[Opening DATASET CONTENT section]

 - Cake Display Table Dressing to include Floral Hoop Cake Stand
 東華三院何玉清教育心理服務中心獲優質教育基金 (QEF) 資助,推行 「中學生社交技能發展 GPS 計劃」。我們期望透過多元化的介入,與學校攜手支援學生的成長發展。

[Closing DATASET CONTENT section]
[Opening DATASET CONTENT section]

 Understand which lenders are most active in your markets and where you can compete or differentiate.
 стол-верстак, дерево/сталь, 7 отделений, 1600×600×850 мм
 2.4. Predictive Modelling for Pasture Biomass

[Closing DATASET CONTENT section]

## DIRECTIONS
Please give an exact copy of the lines above, beginning with the line containing "- Cake Display" and running through the line containing "東華三院何玉清教育心理服務中心獲優質教育基金 (QEF) 資助,推行", and of no other lines.

## TASK RESULT
 - Cake Display Table Dressing to include Floral Hoop Cake Stand
 東華三院何玉清教育心理服務中心獲優質教育基金 (QEF) 資助,推行 「中學生社交技能發展 GPS 計劃」。我們期望透過多元化的介入,與學校攜手支援學生的成長發展。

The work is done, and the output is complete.